When you tell the stack to listen() for connections on a particular TCP port, you pass a backlog parameter, which tells the kernel how many connections it can silently accept on behalf of your program at once.当您告诉堆栈为特定 TCP 端口上的连接listen()时，您传递了一个backlog参数，该参数告诉 kernel 它可以代表您的程序一次静默接受多少个连接。 It is this queue that is being used when the kernel automatically accepts new connection requests, and there that they are held until your program gets around to accept() ing them.当 kernel 自动接受新的连接请求时，正在使用这个队列，并且它们一直保留在那里，直到您的程序开始accept()它们。 When there is one or more connections in the listen backlog queue when you call accept() , all that happens is that the oldest is removed from the queue and bound to a new socket.[2]当您调用accept()时，当侦听积压队列中有一个或多个连接时，所发生的一切就是从队列中删除最旧的连接并绑定到一个新的套接字。 [2]

In other words, if your program calls listen(sd, 5) , then goes into an infinite do-nothing loop so that it never calls accept() , five concurrent client connection requests will succeed, from the clients' point of view.换句话说，如果您的程序调用listen(sd, 5) ，然后进入一个无限的无操作循环，因此它永远不会调用accept() ，从客户端的角度来看，五个并发的客户端连接请求将成功。 A sixth connection request will get stalled on the first SYN packet until either the program owning the TCP port calls accept() or one of the other clients drops its connection.第六个连接请求将在第一个 SYN 数据包上停止，直到拥有 TCP 端口的程序调用accept()或其他客户端之一断开其连接。

[1] Firewall and other stack modifications can change this behavior, of course. [1] 当然，防火墙和其他堆栈修改可以改变这种行为。 I am speaking here only of default BSD sockets stack behavior.我在这里只说默认的 BSD sockets 堆栈行为。
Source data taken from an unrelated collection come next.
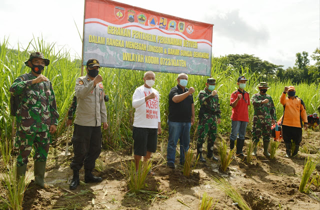 Cegah Tanah Longsor, Kodim bersama BNPB dan Relawan Klaten Tanam Vetiver
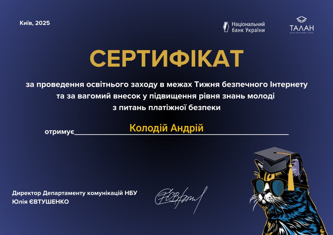 Особлива подяка організаторам заходу – Національному банку України та платформі «Талан» – за можливість долучитися до цього важливого проєкту та сприяти розвитку фінансової грамотності серед молоді.
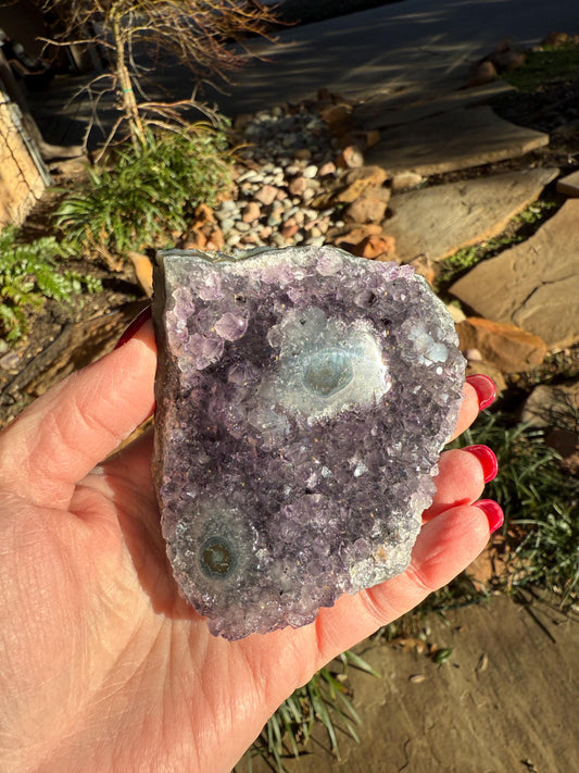 Galaxy Stalactite Double Eyes Amethyst Bed, 4”, altar, gift, crystals, high vibration crystals
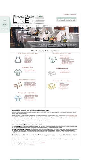 89%factory direct linen is a 20+ year manufacturer, importer, and distributor of milliken table linens and other wholesale commercial linens for restaurants and hotels.
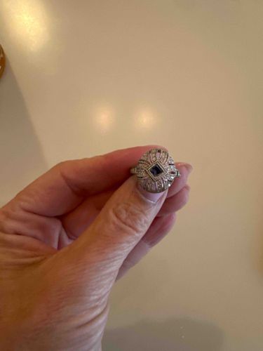 Art Deco Style Sapphire and Diamond Filigree Ring
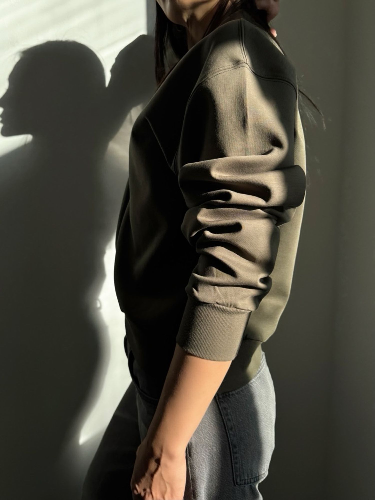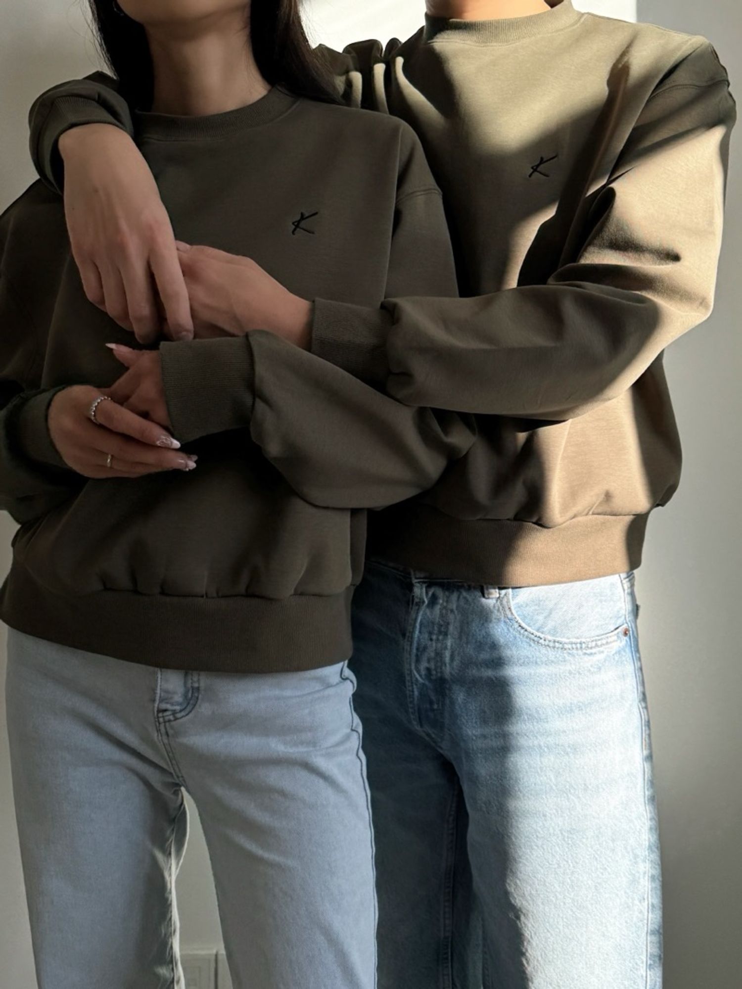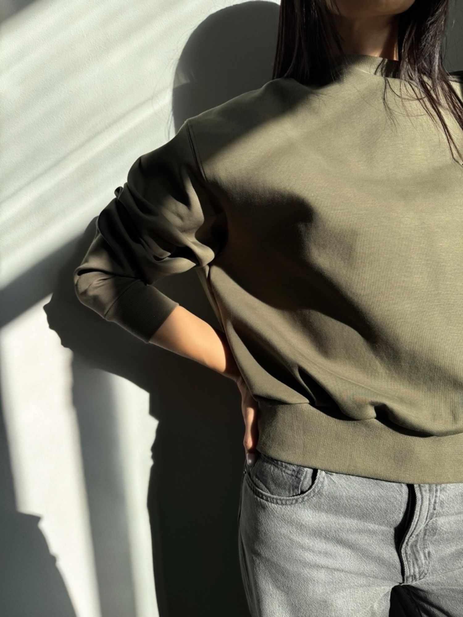 Olive green sweatshirt-oversized Маш хөнгөн материалтай, төрөл бүрийн хувцсан дээр давхарлаж өмсөх боломжтой. Гоё загварлаг харагдах өнгөтэй. Модель: 176:60, L size өмссөн.
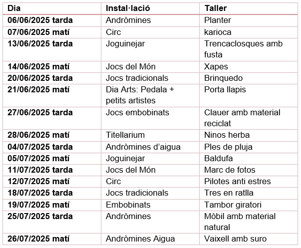 Les activitats que s’hi podran trobar a partir d’aquest dissabte seran fonamentalment jocs, activitats culturals, tallers de manipulació o creació artística així com petites actuacions artístiques que tenen com a públic principal els infants i les seves famílies.
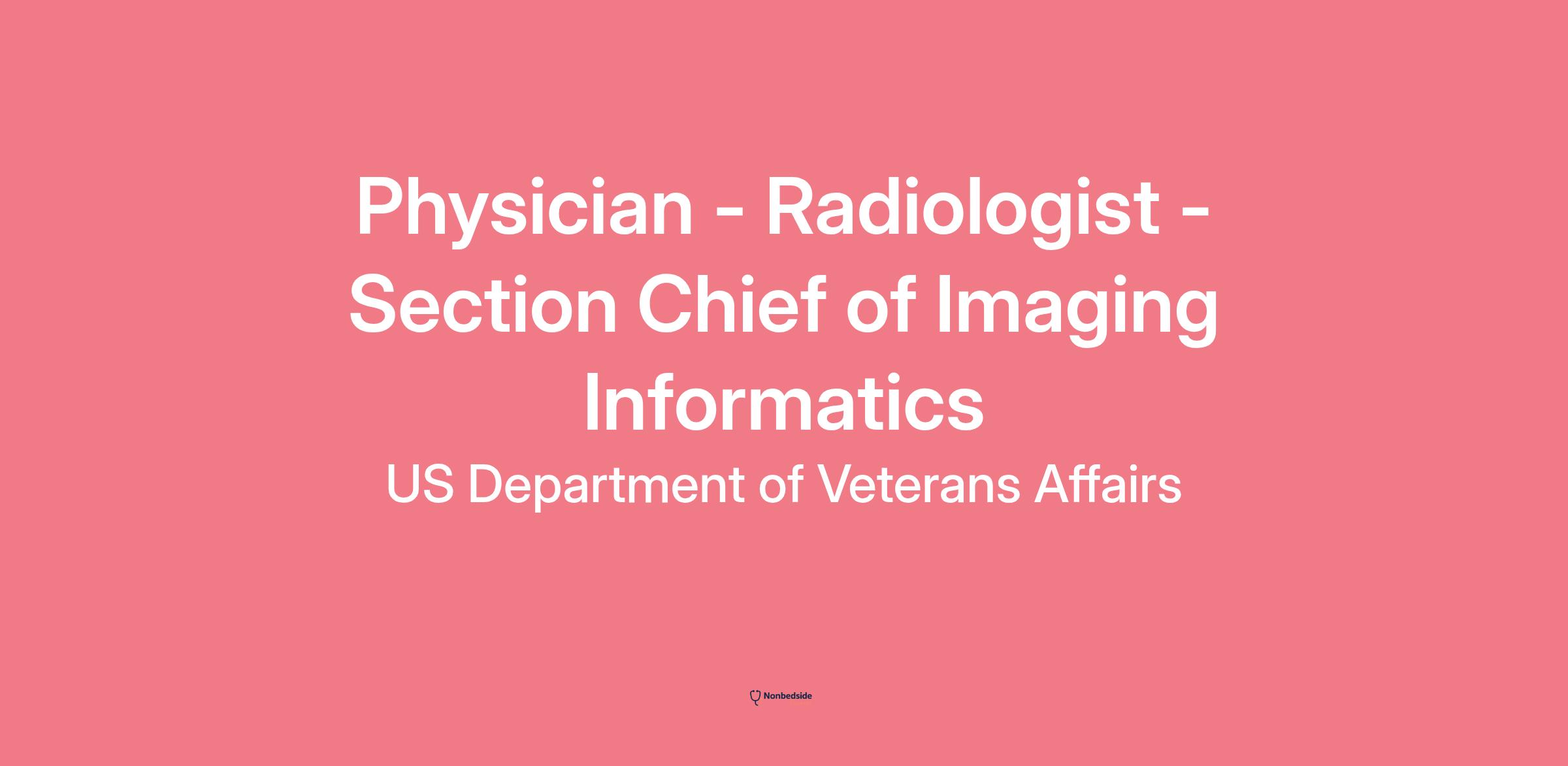 Physician - Radiologist - Section Chief of Imaging Informatics Join to apply for the Physician - Radiologist - Section Chief of Imaging Informatics role at U.S. Department of Veterans Affairs
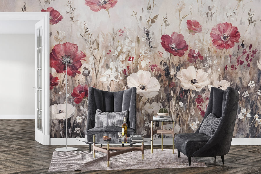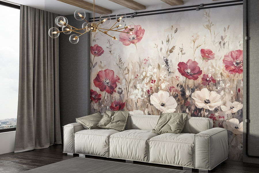 S touto úžasnou nástěnnou malbou květin tančících ve větru proměníte každou místnost v klidné útočiště. Představte si to: sluneční paprsky proudí dovnitř a tyto krásné květy v jemné červené a bílé barvě se kaskádovitě rozlévají po stěně jako umělecké dílo přírody. Je to jako přenést svěží jarní den do interiéru – samozřejmě bez otravného pylu! Tato akvarelová nástěnná malba se skvěle hodí do útulného obývacího pokoje nebo uklidňujícího útočiště v ložnici. Představte si, jak se s knihou opíráte do křesla obklopeni touto přírodní krásou. Okamžité zlepšení nálady, že? Vaše stěna už není jen stěna, ale rozkvetlý ráj.
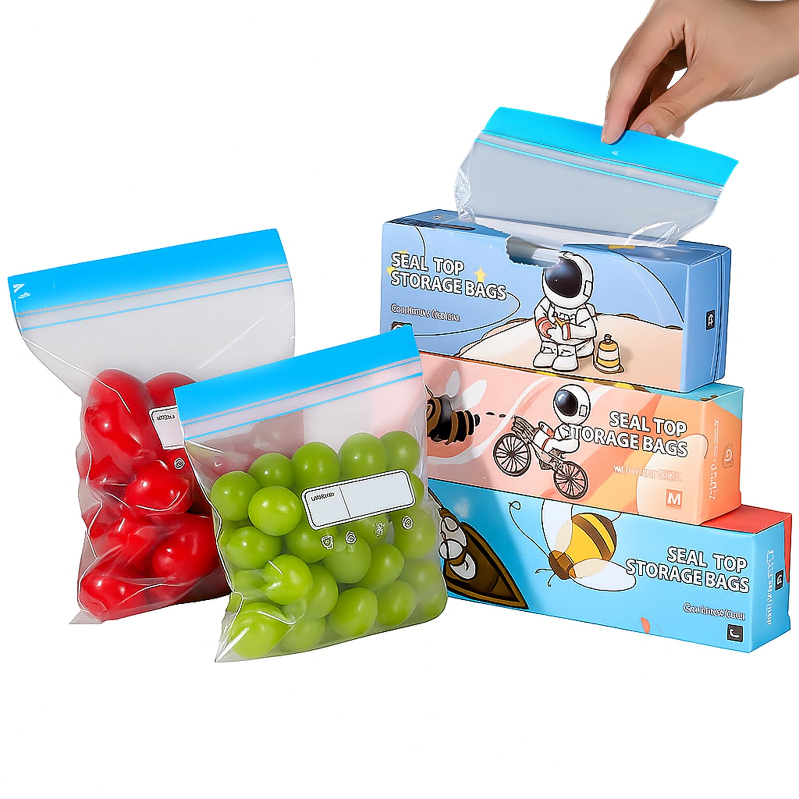- Dotati di una doppia cerniera per una chiusura e apertura agevoli, i sacchetti includono anche un'area scrivibile al centro, utile per annotare la data e il contenuto.

[2] If there are no connections waiting in the backlog when you call accept() , it blocks by default, unless the listener socket was set to non-blocking, in which case it returns -1 and errno is EWOULDBLOCK . [2] 如果在调用accept()时没有等待在 backlog 中的连接，它默认阻塞，除非侦听器套接字设置为非阻塞，在这种情况下它返回 -1 并且errno是EWOULDBLOCK 。